**Data entries:**

╔══

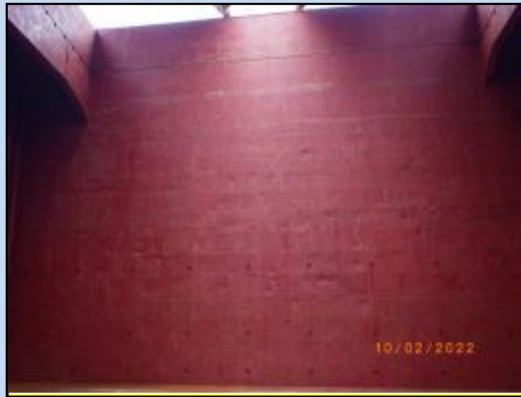
4. Stbd side plating and tank top
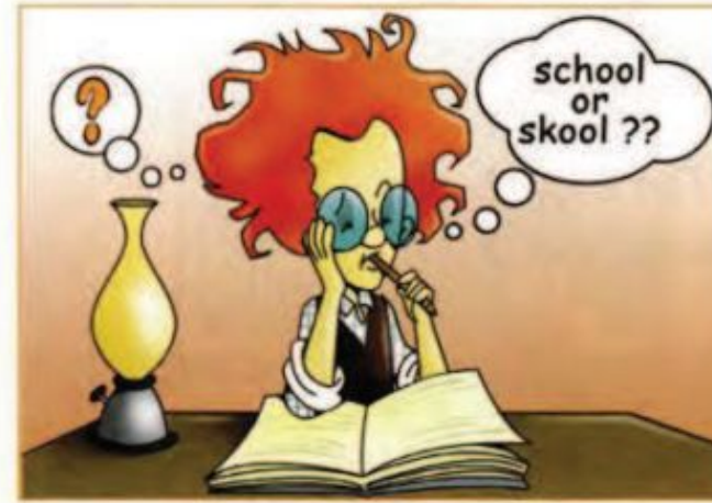
Albert Einstein couldn't spell.

Could is the past simple of the verb 'can'.
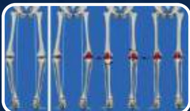
ALIGNMENT PRINCIPLES IN TKR
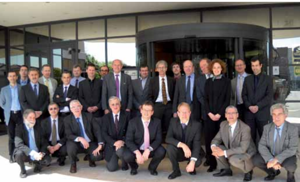
GRC Annual Review, Milano, 4-5 April 2011

Executive Director of the Clean Sky Joint Undertaking
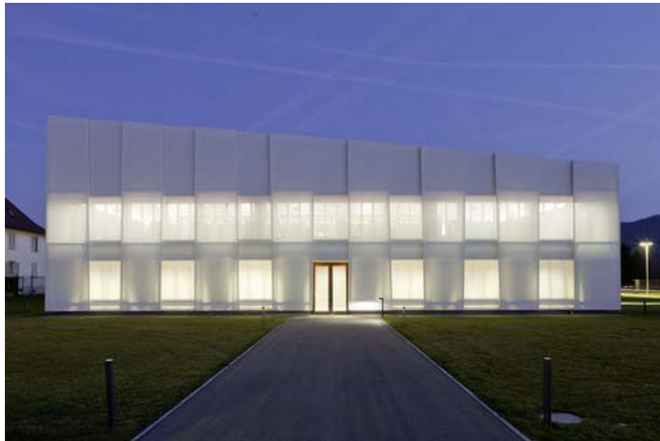
The new development centre is in the direct vicinity of the high-bay warehouse designed by Sauerbruch Hutton. Different light moods are created, depending on the time of day. Sun study below: Ludloff + Ludloff Architekten.
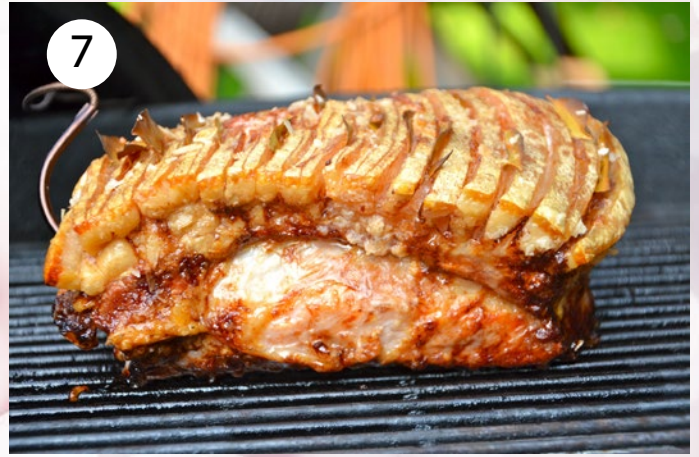
Flæskesteg , roast pork with crackling.
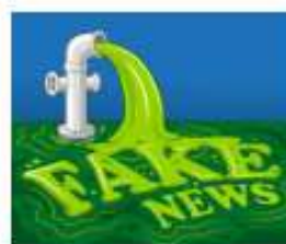
A Parent's Guide to Fake News
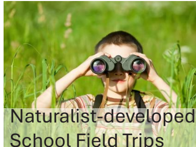
Naturalist-developed School Field Trips
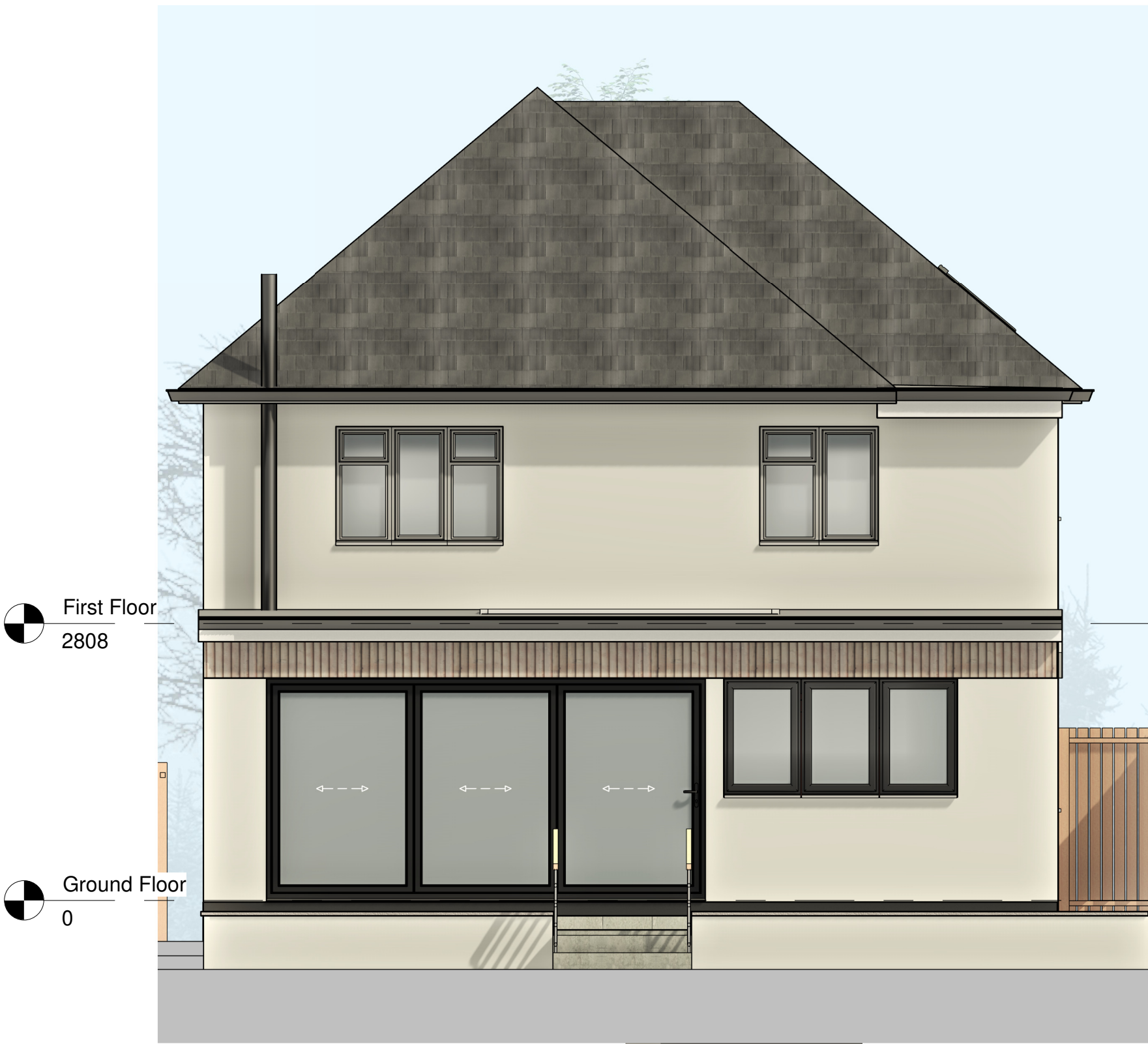
Rear Elevation 1 : 50
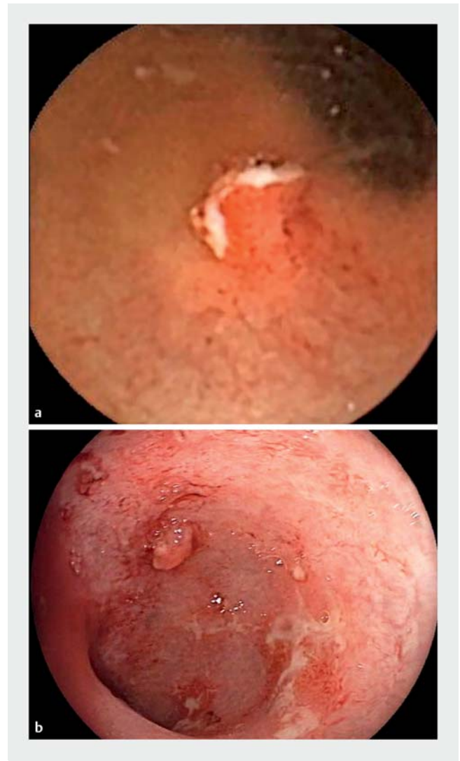
► Fig. 3 Images of ulcerative polyp in the rectum as detected with SBC-CE (a) and colonoscopy (b).

quires biopsies of endoscopically healed mucosa for histologic evaluation. The clinical importance of histologic mucosal healing has yet to be defined [29].
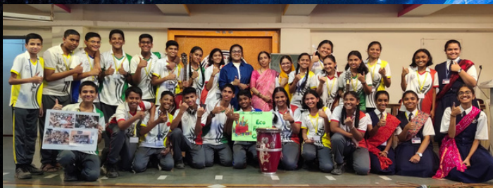
•Assembly of 9th D
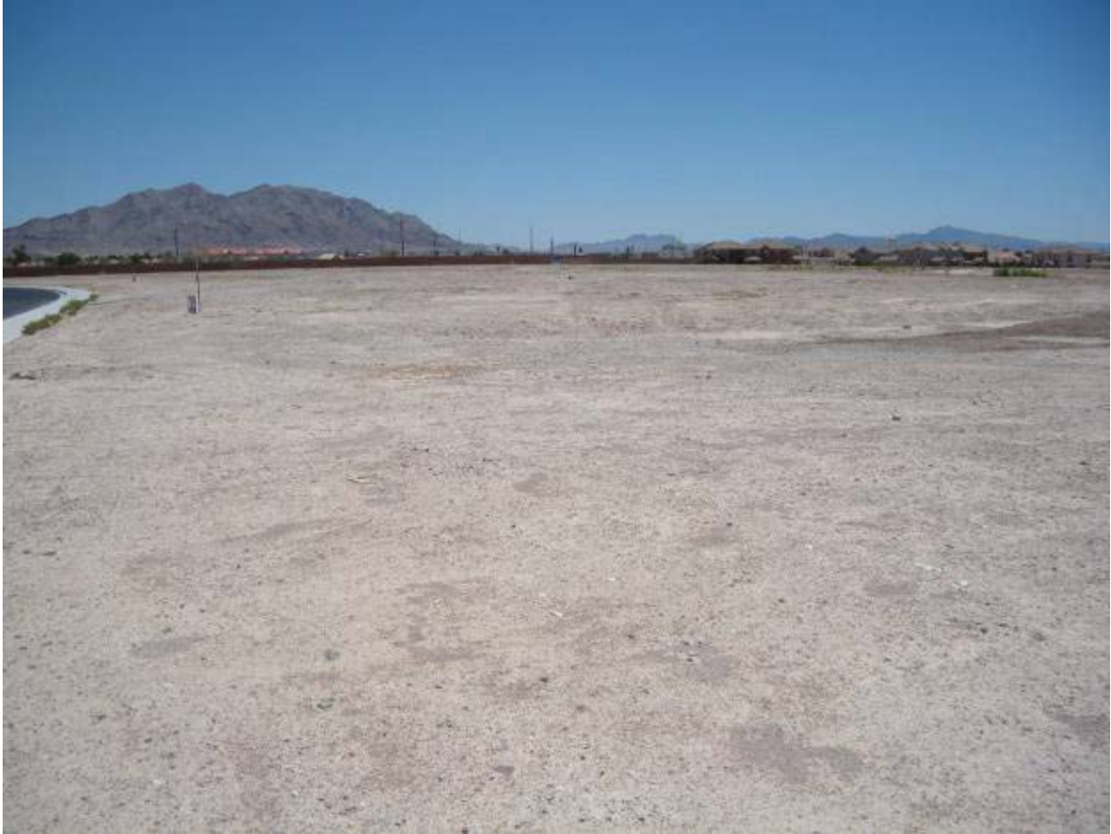
Figure 43, Parcel I looking east from north corner of parcel
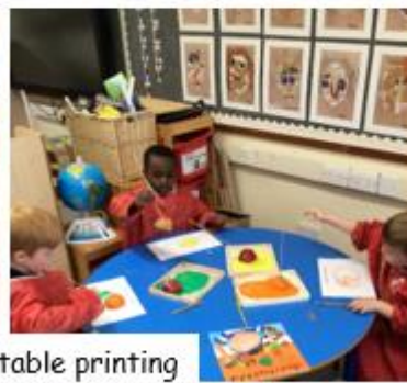
Fruit and vegetable printing

╚══

Every line of the entries above that contains the word "with" must be tallied, and the number alone reported.

2